You can do this using a series of analytic functions, like so:
with sample_data as (select 'XXX' name, 1 position, to_date('07/06/2016', 'dd/mm/yyyy') initial_date, to_date('08/06/2016', 'dd/mm/yyyy') final_date from dual union all
select 'XXX' name, 2 position, to_date('08/06/2016', 'dd/mm/yyyy') initial_date, to_date('09/06/2016', 'dd/mm/yyyy') final_date from dual union all
select 'XXX' name, 3 position, to_date('09/06/2016', 'dd/mm/yyyy') initial_date, to_date('10/06/2016', 'dd/mm/yyyy') final_date from dual union all
select 'XXX' name, 4 position, to_date('13/06/2016', 'dd/mm/yyyy') initial_date, to_date('14/06/2016', 'dd/mm/yyyy') final_date from dual union all
select 'XXX' name, 6 position, to_date('14/06/2016', 'dd/mm/yyyy') initial_date, to_date('15/06/2016', 'dd/mm/yyyy') final_date from dual union all
select 'YYY' name, 1 position, to_date('02/06/2016', 'dd/mm/yyyy') initial_date, to_date('03/06/2016', 'dd/mm/yyyy') final_date from dual)

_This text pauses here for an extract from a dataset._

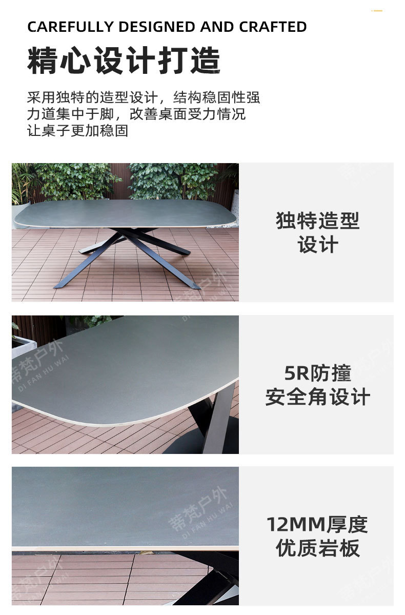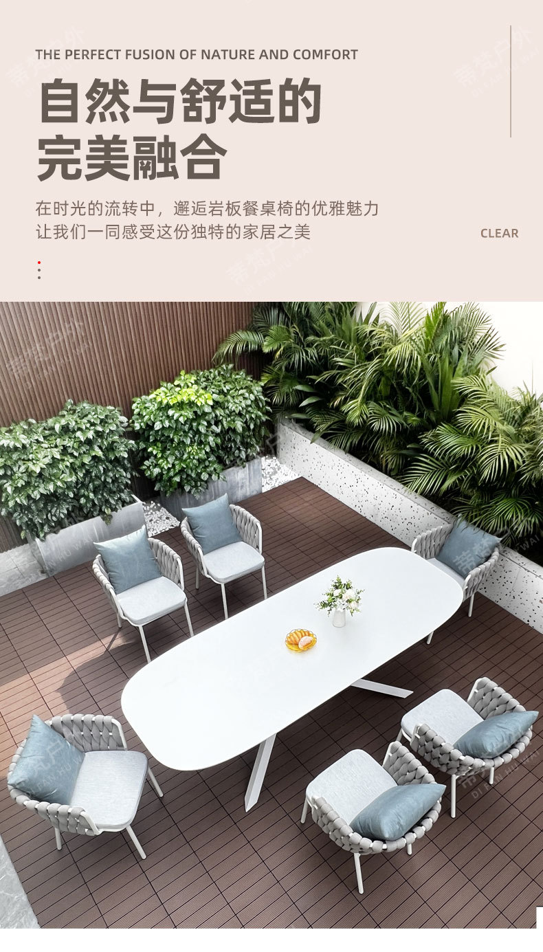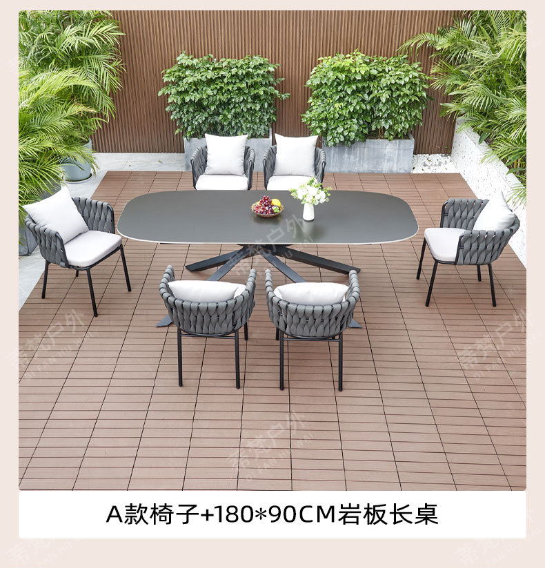 高端庭院岩板餐桌椅别墅室外花园露台编织带桌椅组合家具户外桌椅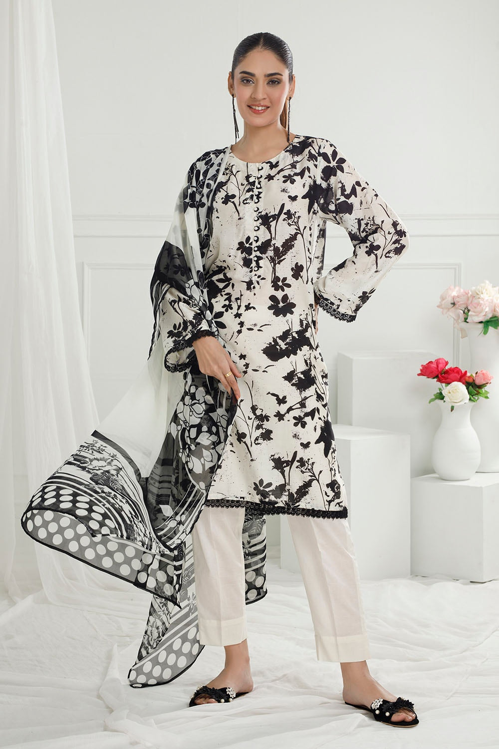 3 Piece Unstitched Printed Pure Bamboo Silk Suit with Printed Chiffon Dupatta BS-52001

-- end of mimicking a table called "sample_data" containing your data
select name,
position,
initial_date,
final_date,
min(position) over (partition by name, grp_sum) new_field
from (select name,
position,
initial_date,
final_date,
sum(change_grp_required) over (partition by name order by position) grp_sum
from (select name,
position,
initial_date,
final_date,
case when position - lag(position, 1, position) over (partition by name order by position) != 1
or initial_date != lag(final_date, 1, initial_date - 1) over (partition by name order by position) then 1
else 0
end change_grp_required
from sample_data));
NAME POSITION INITIAL_DATE FINAL_DATE NEW_FIELD
---- ---------- ------------ ---------- ----------
XXX 1 2016/06/07 2016/06/08 1
XXX 2 2016/06/08 2016/06/09 1
XXX 3 2016/06/09 2016/06/10 1
XXX 4 2016/06/13 2016/06/14 4
XXX 6 2016/06/14 2016/06/15 6
YYY 1 2016/06/02 2016/06/03 1
The innermost subquery determines whether the position and dates of the current and previous row are correlated. If they aren't, then it puts 1, otherwise it puts 0.
The next subquery then calculates a running sum across these numbers - this has the effect of creating the same number for correlated rows (eg. 1 for positions 1 to 3, 2 for position 4 and 3 for position 6) which we can then use to group against.
The outer query then simply finds the minimum position number per name and the newly created grouping column.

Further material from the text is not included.